You may or may not know but my diet is predominantly raw and made out of plants however today you may get inspired to make a raw salad as a side to your meat or other foods that are a part of your diet. I don’t promote one style of diet but I strongly feel what works really well for me and what I would love to do for life. Maybe prana will be our diet in the distant future as we move up the evolutionary scale. Food is frequency and information so everyone actually has a particular diet that resonates with them and has the capacity to take them into the next level of their journey. All vegan and all raw is not the diet for everyone. I also believe in the use of herbs, some supplements, etc.
After many years on such a diet, I have no issues digesting cruciferous or other veggies. I pretty much have seamless digestion – I believe it is from the raw food microbiome building benefits. If you have digestive issues I do believe that you can overcome them with patience, faith, and a consistent diet.
I have cold digestion according to Human Design which means I should eat cold and raw foods and if I cook my food too often or too much my body will “burn” the food and I will not be able to benefit from it. I am also a Pitta and I do have a lot of my own digestive fire. Some people need lightly cooked and warm meals. That can be done with steaming, even dehydrating (if you want to keep them raw), baking, etc. I am not big on fried food- by that I mean I never ever eat anything fried. I don’t think it is valuable to humans. Maybe the wok style quick searing is better suited if you need that type of flavor.
I have not had a chance to shoot a video about my food and I am not sure there is any interest in that so if you want a video please let me know. Otherwise, we can get a good idea with an article on it.
MY FALL ADDITION OF WHAT I EAT IN A DAY
It is a long post so I apologize about that but i wanted to be descriptive.
I think the What I eat in a day trend is a double-edged sword because, on one hand, you can get really good ideas about healthy meals and habits from others but on the other hand, Youtube turned it into perfection-fest.
I like to keep things on my platforms informative and of value to others.
My food has been more or less exactly the same for the last almost a year (except for during traveling and the summer fruit abundance season when some things had to be different).
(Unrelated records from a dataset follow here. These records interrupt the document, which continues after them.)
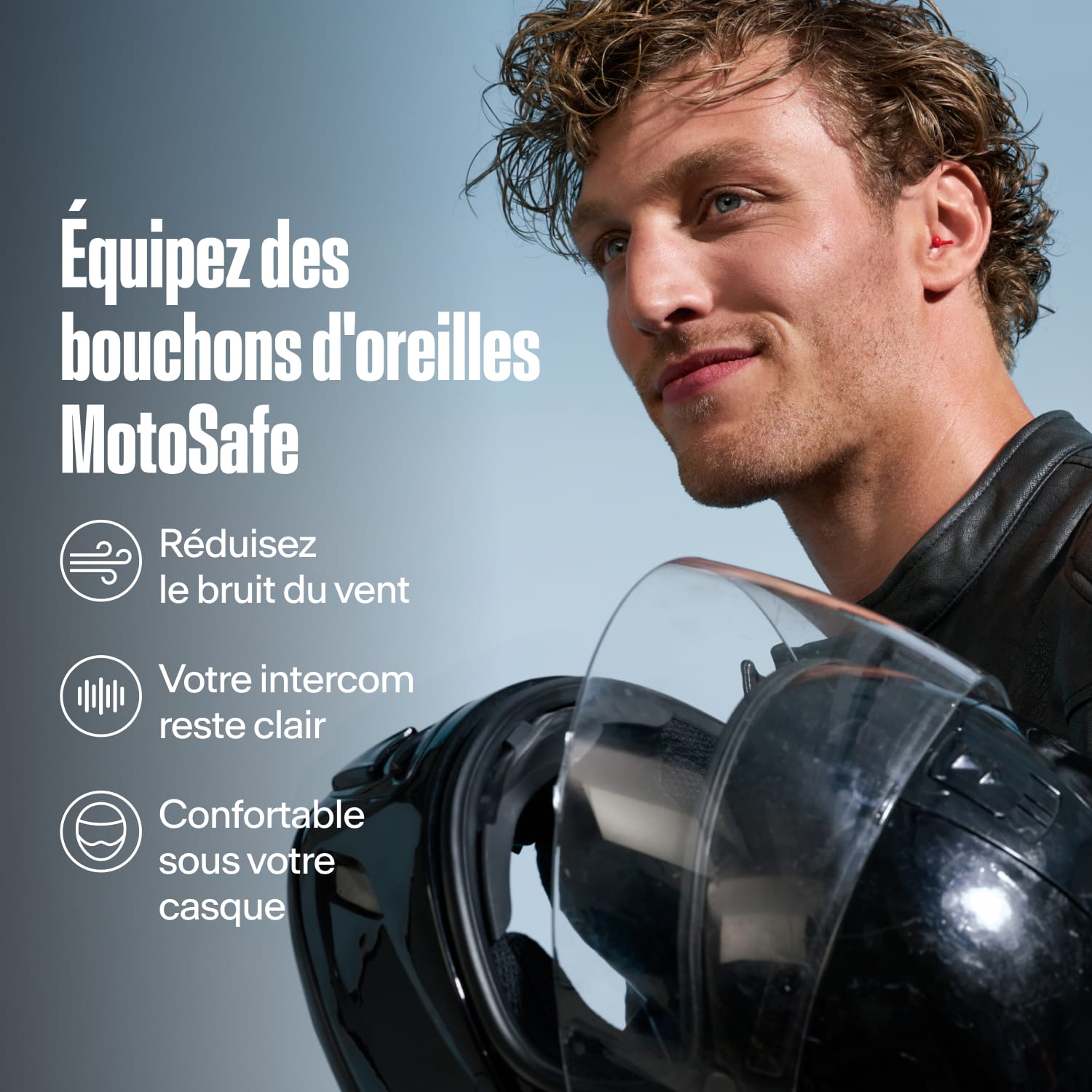 Bouchons moto, très atténuants, vitesses sup. à 100 km/h.
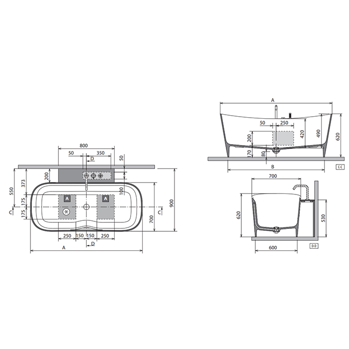 NOVELLINI SHIP Ванна пристенная 1600х900х620 мм., в комплекте с смесителем хром, с донным клапаном click-clack, NOVOTECH, цвет белый матовый
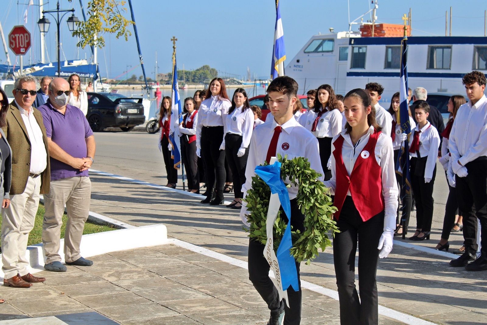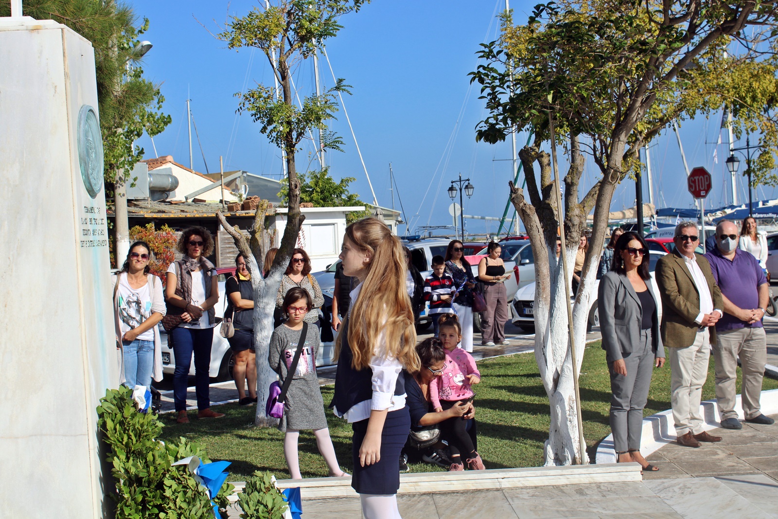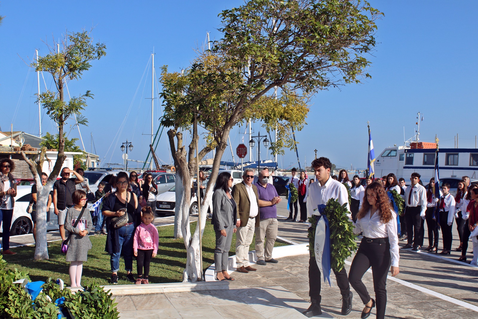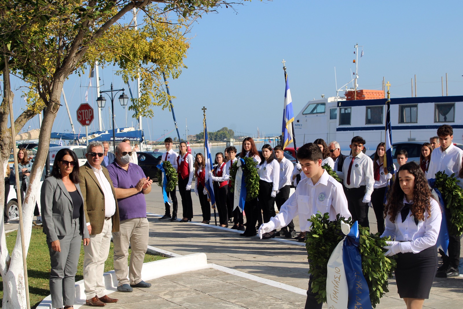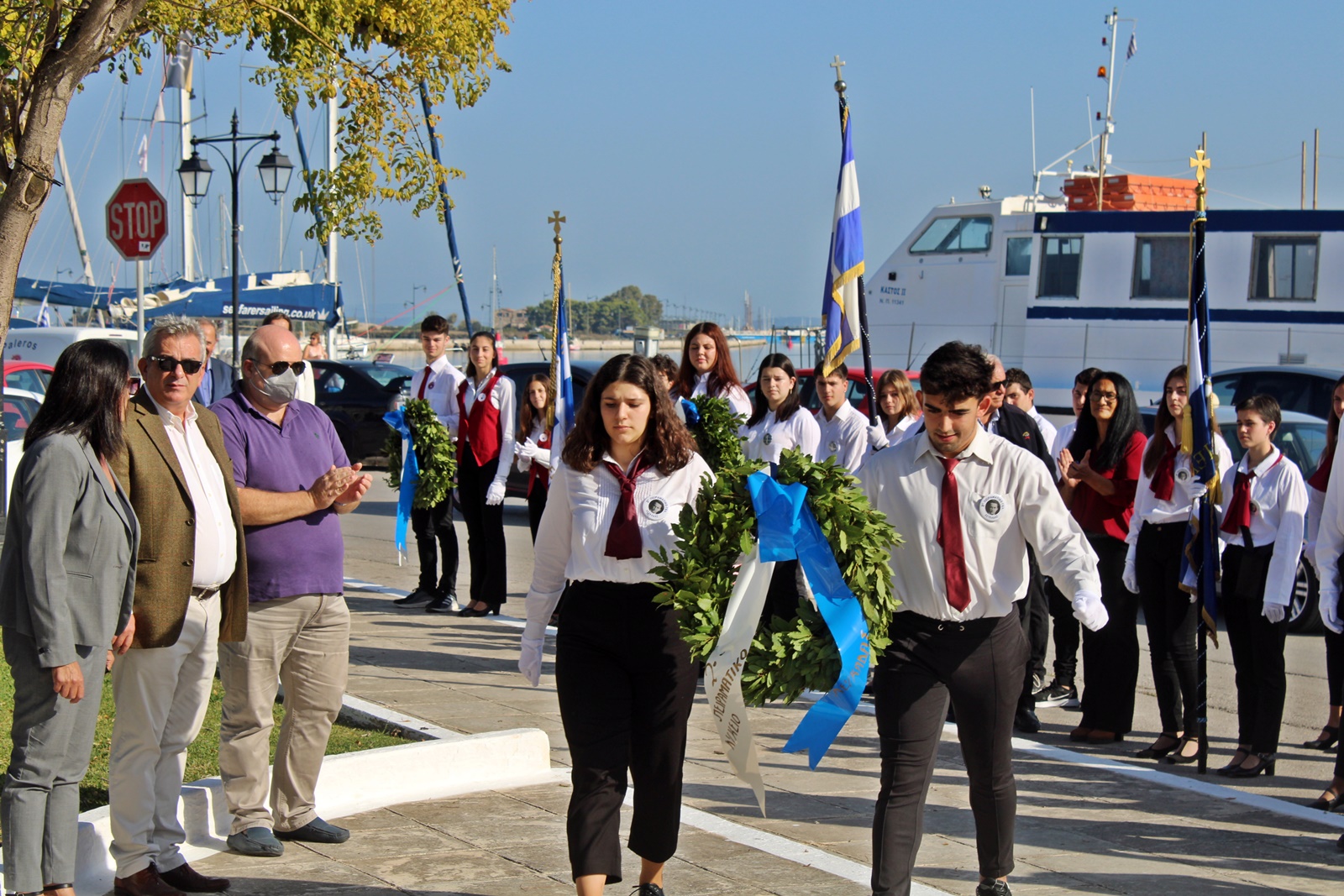 Με το θερμόμετρο να δείχνει τους 28 βαθμούς Κελσίου ολοκληρώθηκε γύρω στις 11:30 το πρωί της Πέμπτης 27 Οκτωβρίου 2022 η κατάθεση στεφάνων στο Ηρώο της πόλης από εκπροσώπους των μαθητών των σχολείων της Πρωτοβάθμιας και Δευτεροβάθμιας Εκπαίδευσης, μετά το πέρας της οποίας τηρήθηκε ενός λεπτού σιγή.
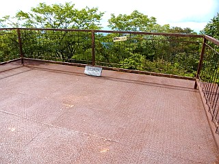 | レーダー雨量計から山頂を望む | 蛇峠山山頂の展望台 | 展望台から見るセブンサミッットの看板と三角点 |

I pretty much have to eat a few basic things daily in order to feel my best.
I do a form of intermittent fasting – always. So I have 1- meal a day and some snacks. In summer in Bulgaria, I did less intermittent fasting and a few meals a day due to a different schedule. If we visited my mom I would have her soup or veggies mid-day. She cooks pretty much the same stuff I do. My family always has a ton of fruit and fresh produce on hand.
Here are the 3 categories that I have to include in my diet daily:
Fresh seasonal fruit
– melons, grapes, apples, persimmons, bananas, etc. whatever I happen to have. Often just simple fruits – grapes, mandarins, melons etc. but I also make fun fruit salads, fruit cereals, fruit cakes.
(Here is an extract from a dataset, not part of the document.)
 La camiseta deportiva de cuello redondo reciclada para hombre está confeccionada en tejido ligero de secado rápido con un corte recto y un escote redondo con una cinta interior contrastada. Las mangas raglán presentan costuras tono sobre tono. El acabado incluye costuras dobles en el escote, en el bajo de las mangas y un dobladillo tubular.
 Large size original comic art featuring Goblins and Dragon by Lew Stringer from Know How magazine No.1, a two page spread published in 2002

2 Dates or date rolls or date balls.
If I miss this component then I will have to eat stuff that is less than optimal after dinner in order to feel satisfied. Dates are amazing – great for your health, a great essential sugars source, antiparasitic, very nutritive, blood sugar balancing. At the end, I will share an excerpt from the Medical Medium about dates that may surprise many of you. date rolls and date balls are so indulgent. I tend to prefer them in winter or during ovulation, or in the premenstrual phase when my requirement for calories goes up. I often eat them cereal style with cashew milk and almond protein or pumpkin seed protein and carob. I’ve shared that in the past- it’s sinfully delicious yet you can have it every single day lol.
I have enjoyed the Natural Delights brand a lot. Or simple dates. Date chocolates and date balls are also amazing.
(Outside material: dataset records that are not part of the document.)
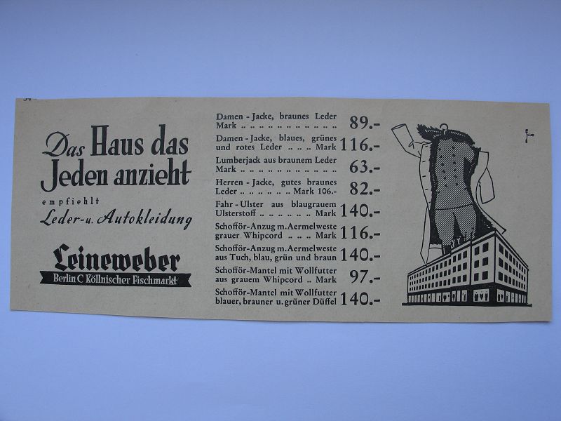 Leineweber Berlin, Leder- u. Autokleidung, Inserat 1929 #1
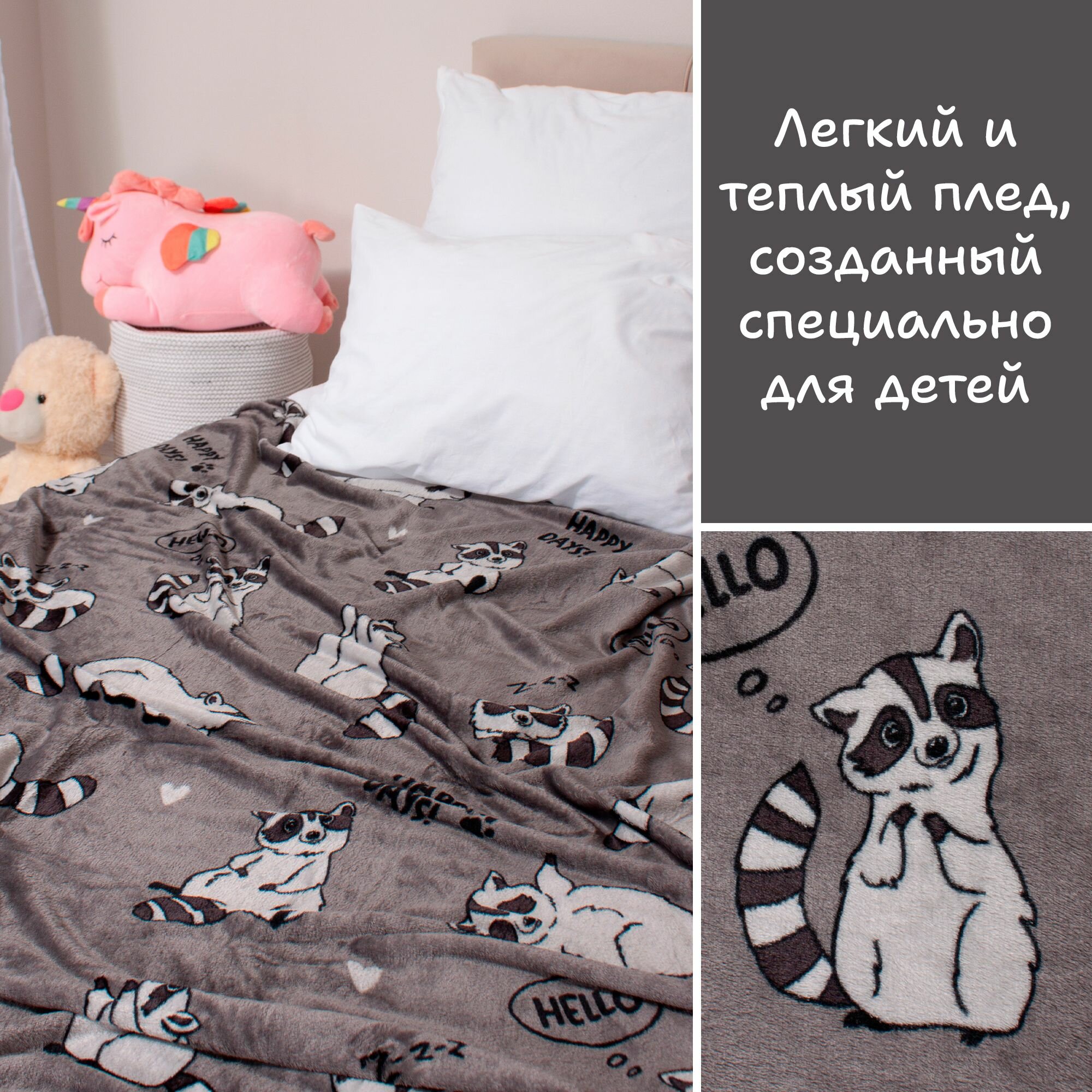 Купить Плед велсофт детский 150х200 см Casa Conforte Фестиваль Енот, темно-серый
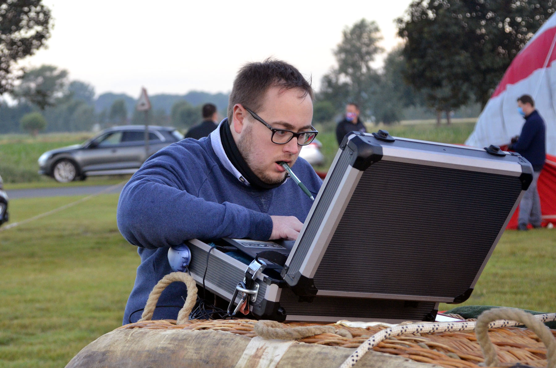 In the background you can see crew setting-up another balloon wearing masks.

3. A huge salad with a creamy dressing.
I try to use 3 types of seeds and avocado in each dressing – I use hemp seeds, pumpkin seeds, and flax seeds almost daily. For the salad base I like iceberg lettuce, cucumbers, tomatoes (high water content), other chopped greens, cabbage, napa cabbage, broccoli, cauliflower, spiralized zucchini, carrots, or whatever I happen to have in my fridge.
the general recipe for the dressing is:
4 stalks of celery or so
a few handfuls of spinach or dandelion or both
a scoop of Irish moss – I have been using this brand. It’s very salty and not pondy so when I use it I don’t need salt at all. it’s used as a thickener as well – as skin supplement, etc.
Apple cider vinegar or lemon juice
2tbsp to 1/3rd of a cup of hemp seeds (I pretty much pour it in most of the time so my measurements are an estimate). 1 tbsp or so of each pumpkin and flax seeds.
Half an avocado.
A few carrots – sometimes I omit the carrots as they give it a bit of a brownish-green color whereas without them it is pure sparkling almost fluorescent green (in a pretty way). They provide sweetness although I am not big on adding sweetness to the dressing.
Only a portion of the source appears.